Hi, I am back with a query. I haven't started with the analysis, however have gone through the tutorial and pipeline of DADA2. From what I understand trimming the V3 region from the V3-V4 data after alignment will need a lot of computational power and time. So I have now decided to go with your suggestion of trimming down the V3V4 to V3 after constructing the ASV table.

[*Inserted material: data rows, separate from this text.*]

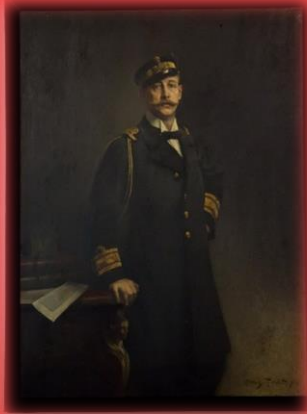
Ο πρίγκιπας Γεώργιος, έργο του Α. Troncit, 1917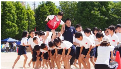
▲5年生「背わりたービー」の様子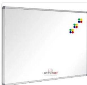
Quadro Branco de Fórmica Magnético 2,00 x 1,20 Magnético - Padrão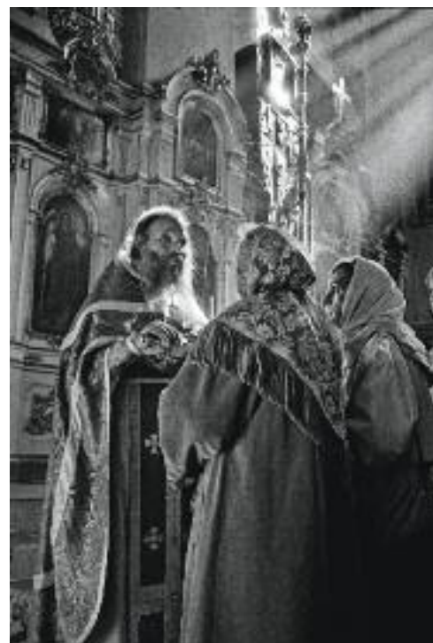
Ruský pravoslavný klášter Pjuchdice, 2000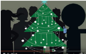
GMI Christmas Greetings Animation https://www.youtube.com/watch?v=uo1sqzpw_bA

Unser Video-Department hat reichlich Erfahrungen mit Video-Installationen und Projektionen bei Events, Großveranstaltungen und Kunstinterventionen.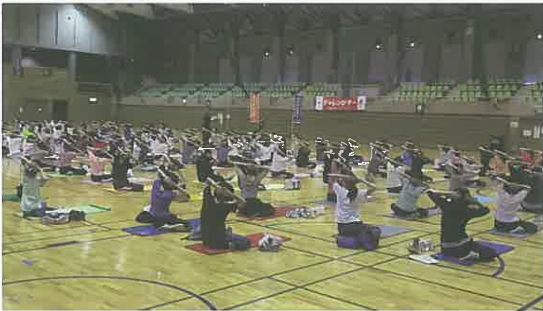
総合体育館メインアリーナでタイ式ヨガを体験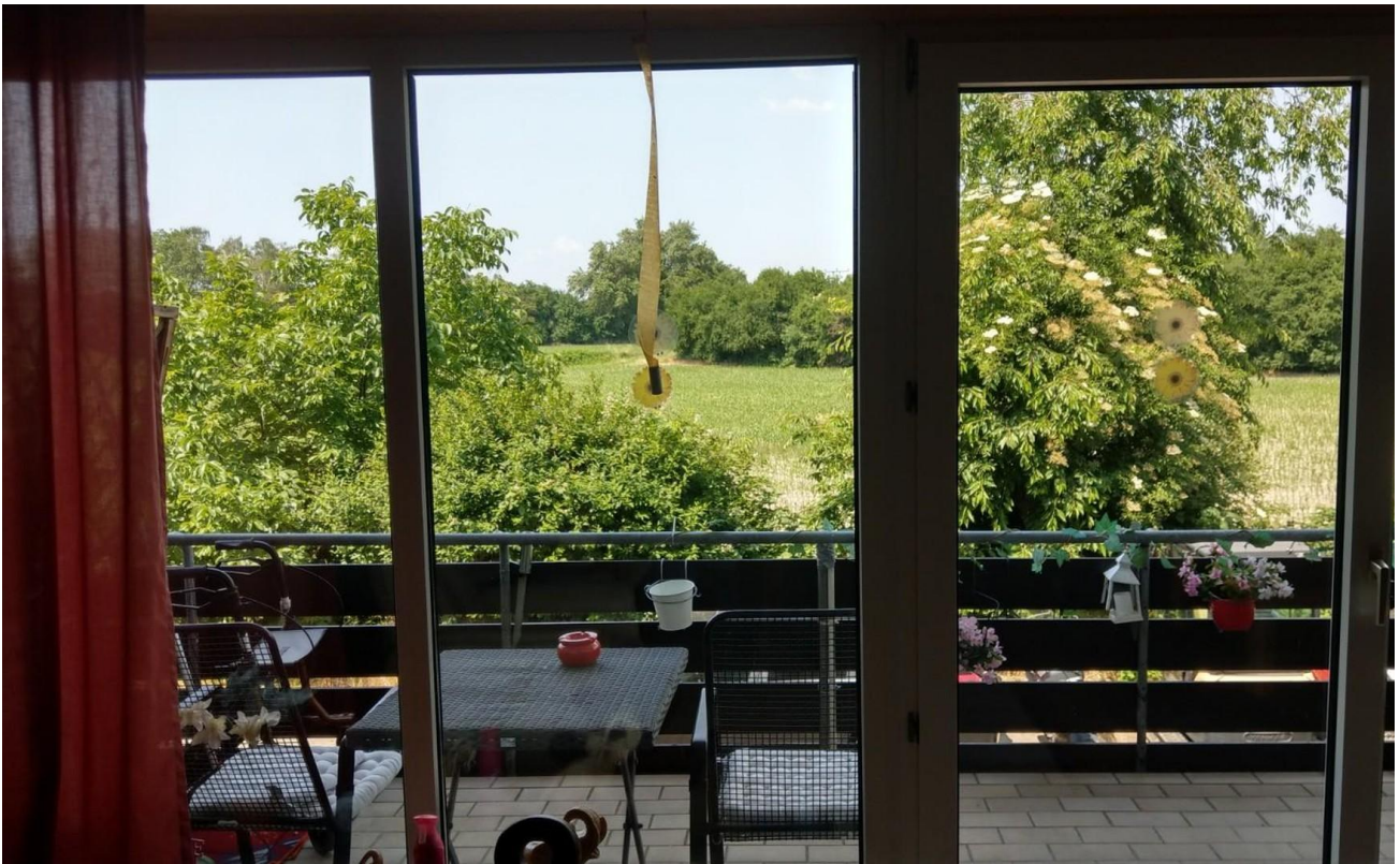
Sicht vom Wohnzimmer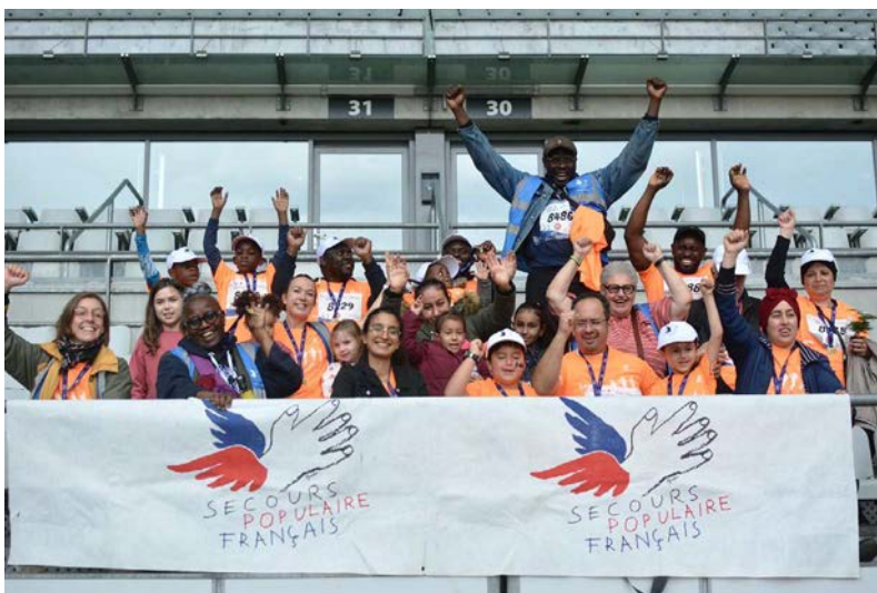
23 octobre La Belle vadrouille, Stade de France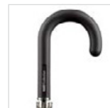
Soft-Touch-Rundhakengriff mit Werbeanbringungsmöglichkeit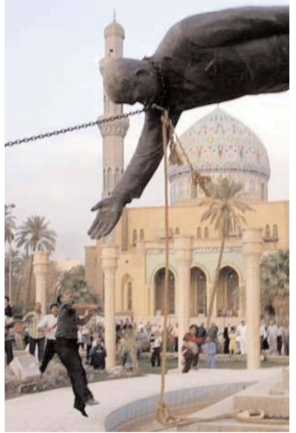
পতনের মুহূর্তেও ইরাকি জনগণের প্রতি শুভেচ্ছার হাত বাড়িয়ে রেখেছেন সাদ্দাম

মার্কিন সামরিক বিশেষজ্ঞরা অবশ্য ভিন্ন চিন্তা করছেন। তারা মনে করছেন, বাগদাদের প্রতিরোধ ব্যবস্থা এতো অল্পতেই ভেঙে পড়েছে সাদ্দাম মারা যাওয়াতে। সাদ্দাম যদি জীবিত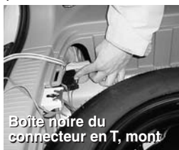
Boîte noire du connecteur en T, monté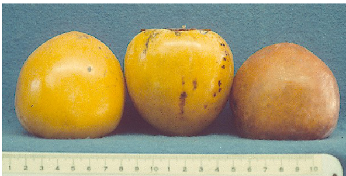
Figura 23. Cultivar ‘Tanenashi’.

a menudo sufrirá de agrietamiento de anillo concéntricos en el extremo apical y madurará de manera desigual a partir de estas zonas. En Japón, ‘Hachiya’ es mayormente utilizado para producir fruta seca. La astringencia del fruto permanece hasta que esté ha madurado completamente y se ablanda.

Can you please elaborate a bit on this? Thanks!
From what I understand trimming the V3 region from the V3-V4 data after alignment will need a lot of computational power and time.

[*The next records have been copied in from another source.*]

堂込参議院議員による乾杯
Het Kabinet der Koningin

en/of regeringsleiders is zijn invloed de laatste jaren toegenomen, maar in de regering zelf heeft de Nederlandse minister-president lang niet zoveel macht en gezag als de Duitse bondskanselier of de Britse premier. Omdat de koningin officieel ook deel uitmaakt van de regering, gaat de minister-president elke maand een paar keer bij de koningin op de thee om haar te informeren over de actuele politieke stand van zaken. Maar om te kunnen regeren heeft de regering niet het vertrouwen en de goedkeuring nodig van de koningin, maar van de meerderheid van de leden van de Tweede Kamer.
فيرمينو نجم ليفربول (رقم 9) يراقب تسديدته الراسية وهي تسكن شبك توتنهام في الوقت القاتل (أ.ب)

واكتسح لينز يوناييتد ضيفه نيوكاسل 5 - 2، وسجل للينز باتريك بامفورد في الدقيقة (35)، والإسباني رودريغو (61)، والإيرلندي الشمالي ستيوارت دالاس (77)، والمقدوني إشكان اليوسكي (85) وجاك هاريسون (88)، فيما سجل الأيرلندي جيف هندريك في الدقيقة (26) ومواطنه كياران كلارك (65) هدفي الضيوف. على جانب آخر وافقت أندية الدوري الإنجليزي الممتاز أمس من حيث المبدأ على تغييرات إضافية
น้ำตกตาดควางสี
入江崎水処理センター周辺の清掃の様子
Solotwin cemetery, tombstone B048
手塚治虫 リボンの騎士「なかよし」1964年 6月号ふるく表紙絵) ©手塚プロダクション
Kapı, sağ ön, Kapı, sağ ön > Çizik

I don't think it would. You would just need to match the V3 reverse primer to your denoised sequences, and then cut at that position. Since denoising reduces the number of sequences so much, that's a pretty "easy" problem computationally.
So I have now decided to go with your suggestion of trimming down the V3V4 to V3 after constructing the ASV table. Can you please elaborate a bit on this?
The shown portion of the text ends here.